● **Problem requirements**
Write out every entry, unchanged. Skip any picture.

━━━━━━━━━━━━━━━━━━━━

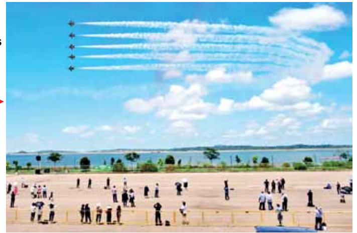
Singapore The South Korean Air Force's Black Eagles aerobatic team performs during the first day of the Singapore Air-Show.
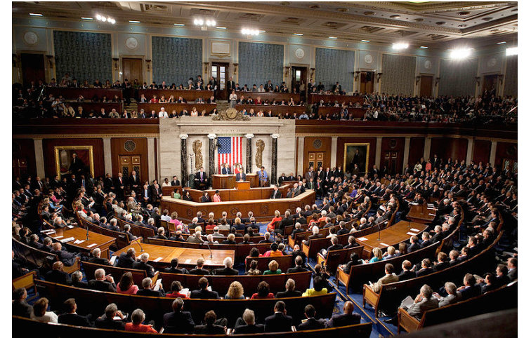
Photo: President Barack Obama and Vice President Joe Biden. Washington, D.C., March, 2009. Released into public domain by the U.S. federal government.
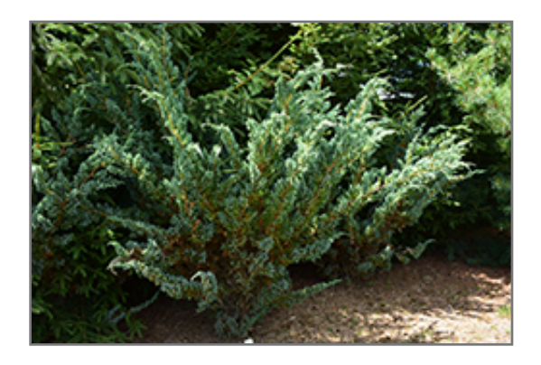
Meyer Juniper
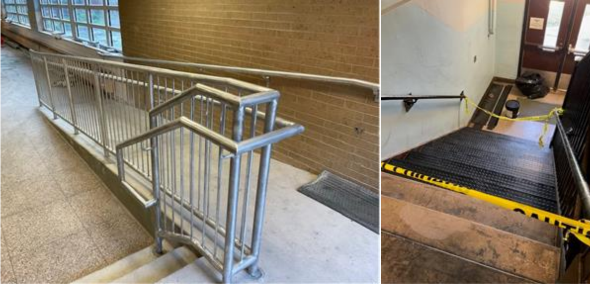
Left: Interior Ramp & Railings, Right: New Non-Slip treads Stairwell #6 in progress.
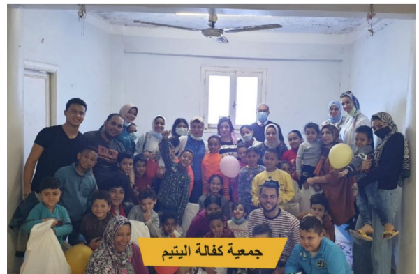
URL: Pharos University Celebrated Orphans Day | Pharos University in Alexandria (pua.edu.eg)
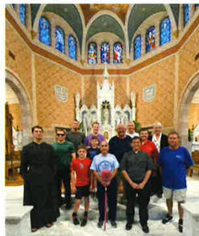
A big thank you to all who attended our last Cathedral Clean-Up Day!
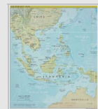
PHYSICAL SOUTHEAST ASIA JPG (401KB) PDF (441KB)

━━━━━━━━━━━━━━━━━━━━

● **Answer space**
Singapore The South Korean Air Force's Black Eagles aerobatic team performs during the first day of the Singapore Air-Show.
Photo: President Barack Obama and Vice President Joe Biden. Washington, D.C., March, 2009. Released into public domain by the U.S. federal government.
Meyer Juniper
Left: Interior Ramp & Railings, Right: New Non-Slip treads Stairwell #6 in progress.
URL: Pharos University Celebrated Orphans Day | Pharos University in Alexandria (pua.edu.eg)
A big thank you to all who attended our last Cathedral Clean-Up Day!
PHYSICAL SOUTHEAST ASIA JPG (401KB) PDF (441KB)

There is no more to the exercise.